** Data to examine **

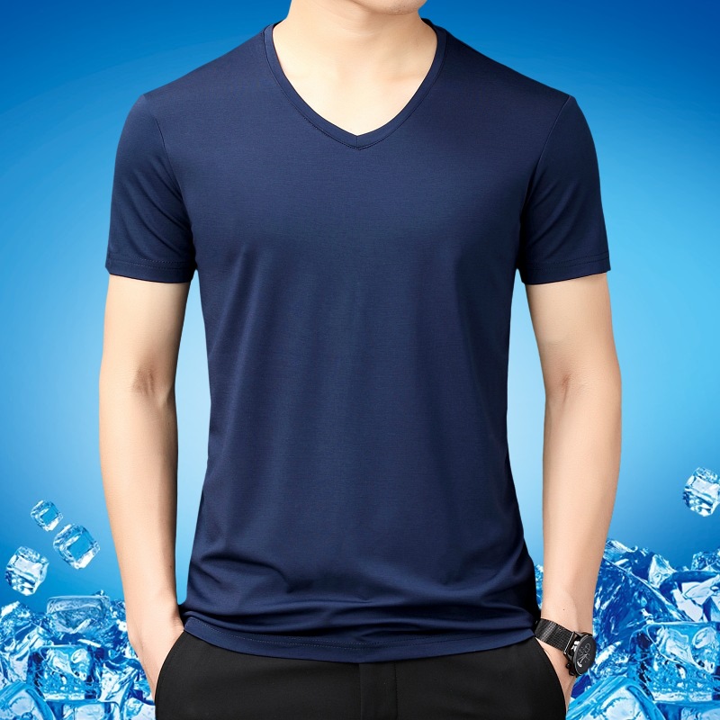 • 짧은 소매 브이넥 블루
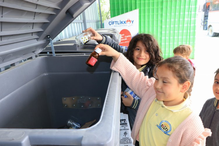 Çiftlikköy Belediyesi 1. Sınıf Atık Getirme Merkezi’ni ziyaret eden Ruhsar Aksoy İlkokulu’nun minik öğrencileri, geri dönüşüm süreçlerini ve organik toprak üretimini yerinde öğrendi
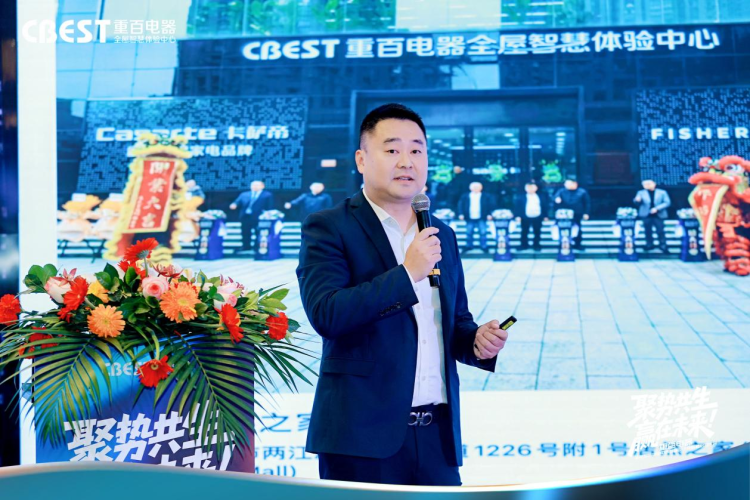 重百电器全屋体验中心营运总监李雪峰对项目进行了系统解读。他介绍,体验中心定位为“场景化体验式综合家电卖场”,汇聚美的、海尔、海信、格力、COLMO、卡萨帝、海信中央空调、三菱重工中央空调、日立中央空调、菲斯曼采暖、鲨鱼等上百家国内外一线品牌,依托规模化集采优势形成成本竞争力,并构建了“三位一体”服务保障体系:“商社精工”专注前端系统设计与安装维保;“重百小哥”提供覆盖重庆全域的到家售后、清洗与家政服务;门店专业团队持续提供支持。大会同时发布了针对设计渠道的“客源引流、产品研学、1+N服务管家”等合作权益,强化平台作为“连接器”的角色,实现用户、设计师与平台的三方共赢。
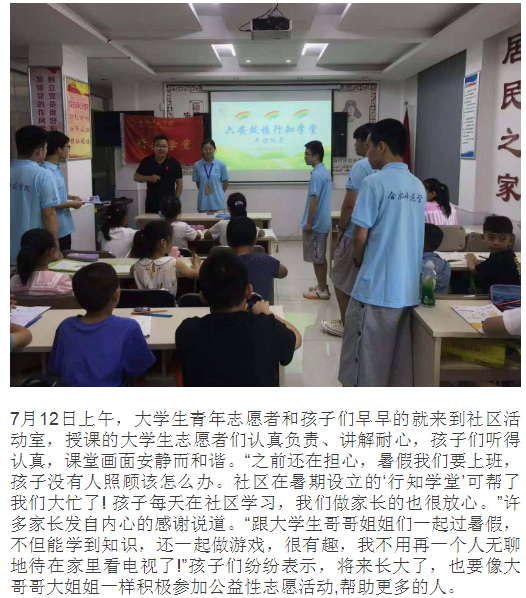 本网讯 7月12日,教师教育学院“六安鼓楼行知学堂”在六安市鼓楼街道锥子庙社区顺利开班,小先生团队由我校教师教育学院、物理与材料工程学院以及安徽外国语学院、安徽新闻出版学院共8名小先生组成。课程内容包括党史学习教育、书法教学、心理辅导、素质拓展等。
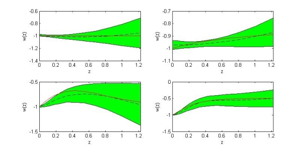重构暗能量状态方程包括参数化和非参数化两类方法。此前的参数化方法有较多局限,造成了对重构结果的人为偏袒,不利于找到明显优于标准宇宙学模型(ΛCDM)的宇宙模型。近日,中国科学院新疆天文台星系宇宙学团组提出了一种新的混合型非参数化方法来重构暗能量状态方程。研究利用拉格朗日插值数值积分来线性化光度距离积分公式,并在岭回归分析的基础上,结合主成分分析和高斯过程形成了新的混合型统计方法。通过模拟数据统计分析,获得暗能量状态方程w(z)随红移的变化(如图),证明了该方法的有效性。科研人员将混合型新非参数化方法应用到最新的Ia型超新星数据JLA(JointLight-Curve)样本中,进行暗能量重构研究,发现单独使用Ia型超新星数据(JLA)时,重构出的暗能量状态方程没有明显偏离ΛCDM模型。该混合型非参数化方法及对JLA数据的应用分析结果发表在《天体物理学杂志》上。
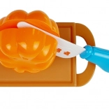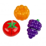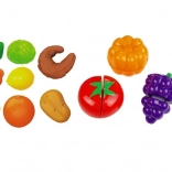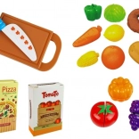 Setul conține diverse accesorii precum cărucior de cumpărături, alimente de jucărie sub formă de roșie, morcov sau dovleac, precum și un scanner de jucărie și casa de marcat.
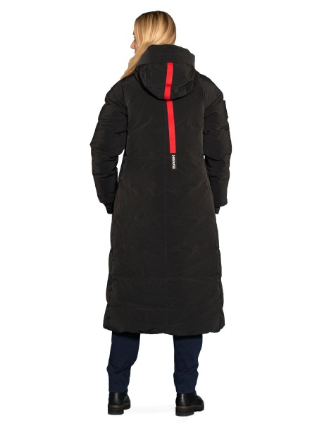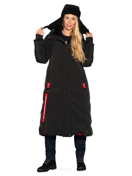 Пуховое женское пальто «в пол». Очень теплое и элегантное, создаст эффектный образ владелице. Будет дарить комфорт в морозные дни в городе. Прочная ткань верха не только прекрасно выглядит, но и надежно защищает от непогоды. Лаконичный дизайн разбавлен яркими съемными элементами брендирования.
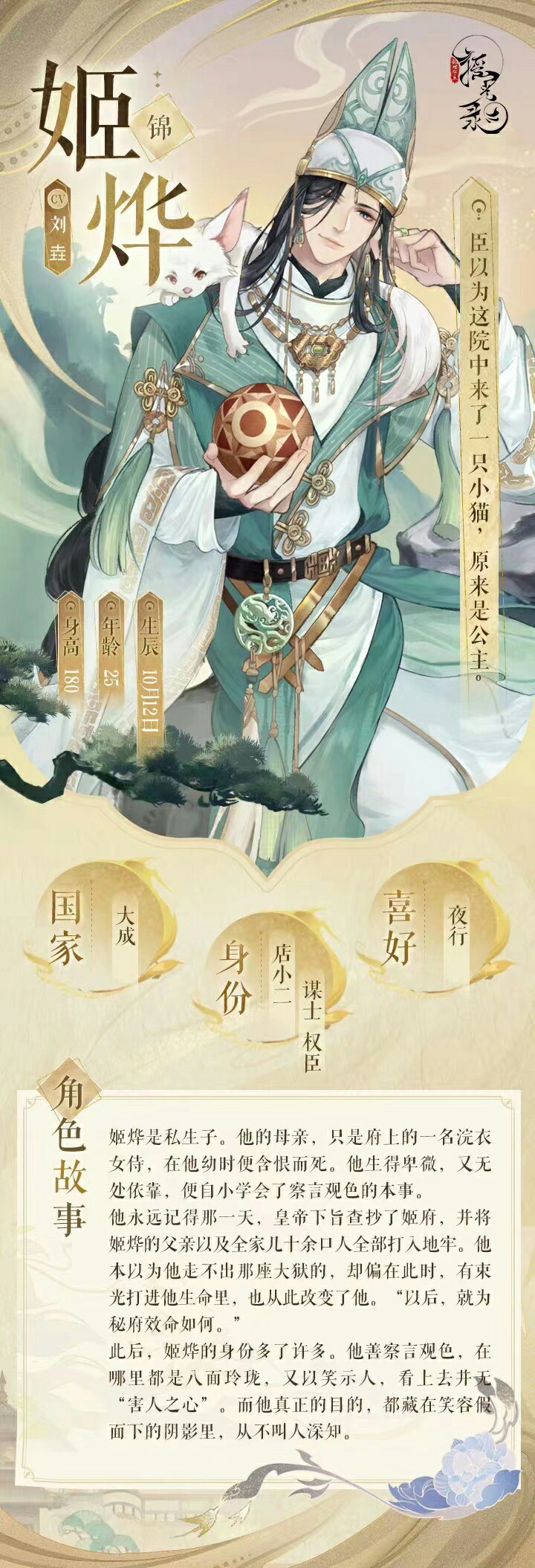 #摇光录:乱世公主#|7月25日正式公测! 唯美国风群像养成手游#摇光录:乱世公主# 「臣以为这院中来了一只小猫,原来是公主。」 人送外号笑面虎,真正的目的,永远潜藏在笑容下,不叫人深知。 他从不与谁亲近,唯独猫除外…… 名士姬烨故事长图奉上,请公主阅之。 👉点我抢先预约抽游戏周边、648基金👈[https://cloudgame.webapp.163.com/reservation/?id=64a536405e7a688956bc1646] =公测福利预告= 🎁【公测祝福】7.25-7.27游玩每日限免30分钟! 🎁【游戏礼包】7.25-7.31 18点 云玩活动页游戏礼包限量派送! 🎁【天天限免】7.25、7.27、7.29、7.31福利中心限免时长礼包限量派送! 💎更多公测期福利,燥候你来~~
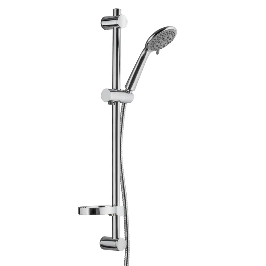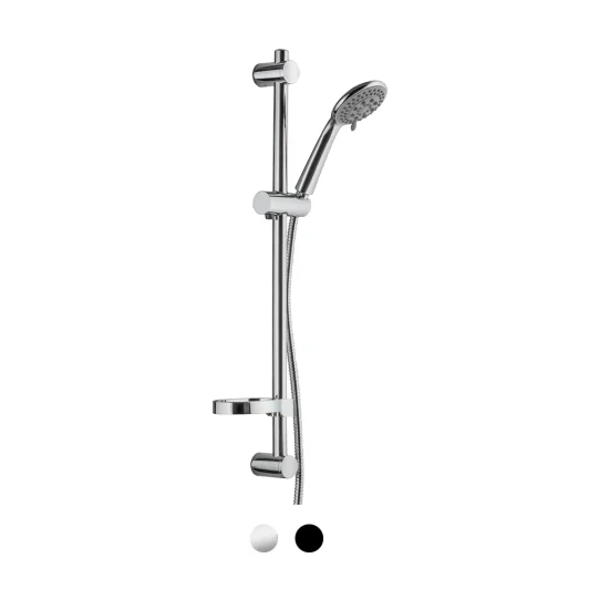 - Säädettävä yläkannakkeen korkeus - Käsisuihku ABS-muovia - Mitat ∅ 25 x P 710 mm - 3-suihkuinen ABS-käsisuihku - Saippuateline ABS-muovia - Joustava letku 1500 mm - Valittavissa 2 eri väriä: Kromi: WLS1004-CR560E (EAN 8019921071435) Mattamusta: WLS1004-NO560E (EAN 8019921071442)
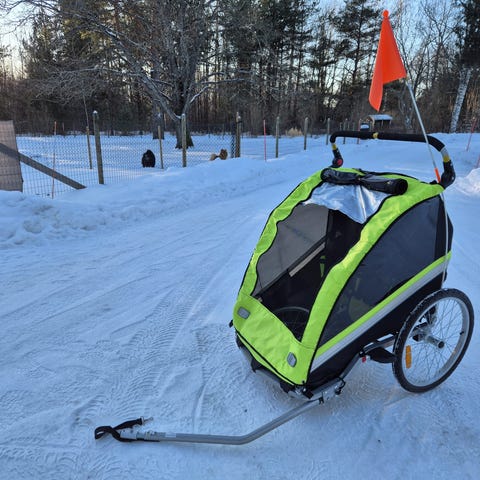Mukana varustepaketti, jolla kärry muuntuu sekä pyöräkärryksi että hiihtopulkaksi.

** What is needed **
Retype the lines from the one containing "本网讯 7月12日,教师教育" down to the last line of the records, both included, exactly and nothing more. Pictures stay out.

** Exercise output **
 本网讯 7月12日,教师教育学院“六安鼓楼行知学堂”在六安市鼓楼街道锥子庙社区顺利开班,小先生团队由我校教师教育学院、物理与材料工程学院以及安徽外国语学院、安徽新闻出版学院共8名小先生组成。课程内容包括党史学习教育、书法教学、心理辅导、素质拓展等。
重构暗能量状态方程包括参数化和非参数化两类方法。此前的参数化方法有较多局限,造成了对重构结果的人为偏袒,不利于找到明显优于标准宇宙学模型(ΛCDM)的宇宙模型。近日,中国科学院新疆天文台星系宇宙学团组提出了一种新的混合型非参数化方法来重构暗能量状态方程。研究利用拉格朗日插值数值积分来线性化光度距离积分公式,并在岭回归分析的基础上,结合主成分分析和高斯过程形成了新的混合型统计方法。通过模拟数据统计分析,获得暗能量状态方程w(z)随红移的变化(如图),证明了该方法的有效性。科研人员将混合型新非参数化方法应用到最新的Ia型超新星数据JLA(JointLight-Curve)样本中,进行暗能量重构研究,发现单独使用Ia型超新星数据(JLA)时,重构出的暗能量状态方程没有明显偏离ΛCDM模型。该混合型非参数化方法及对JLA数据的应用分析结果发表在《天体物理学杂志》上。
 Setul conține diverse accesorii precum cărucior de cumpărături, alimente de jucărie sub formă de roșie, morcov sau dovleac, precum și un scanner de jucărie și casa de marcat.
 Пуховое женское пальто «в пол». Очень теплое и элегантное, создаст эффектный образ владелице. Будет дарить комфорт в морозные дни в городе. Прочная ткань верха не только прекрасно выглядит, но и надежно защищает от непогоды. Лаконичный дизайн разбавлен яркими съемными элементами брендирования.
 #摇光录:乱世公主#|7月25日正式公测! 唯美国风群像养成手游#摇光录:乱世公主# 「臣以为这院中来了一只小猫,原来是公主。」 人送外号笑面虎,真正的目的,永远潜藏在笑容下,不叫人深知。 他从不与谁亲近,唯独猫除外…… 名士姬烨故事长图奉上,请公主阅之。 👉点我抢先预约抽游戏周边、648基金👈[https://cloudgame.webapp.163.com/reservation/?id=64a536405e7a688956bc1646] =公测福利预告= 🎁【公测祝福】7.25-7.27游玩每日限免30分钟! 🎁【游戏礼包】7.25-7.31 18点 云玩活动页游戏礼包限量派送! 🎁【天天限免】7.25、7.27、7.29、7.31福利中心限免时长礼包限量派送! 💎更多公测期福利,燥候你来~~
 - Säädettävä yläkannakkeen korkeus - Käsisuihku ABS-muovia - Mitat ∅ 25 x P 710 mm - 3-suihkuinen ABS-käsisuihku - Saippuateline ABS-muovia - Joustava letku 1500 mm - Valittavissa 2 eri väriä: Kromi: WLS1004-CR560E (EAN 8019921071435) Mattamusta: WLS1004-NO560E (EAN 8019921071442)
Mukana varustepaketti, jolla kärry muuntuu sekä pyöräkärryksi että hiihtopulkaksi.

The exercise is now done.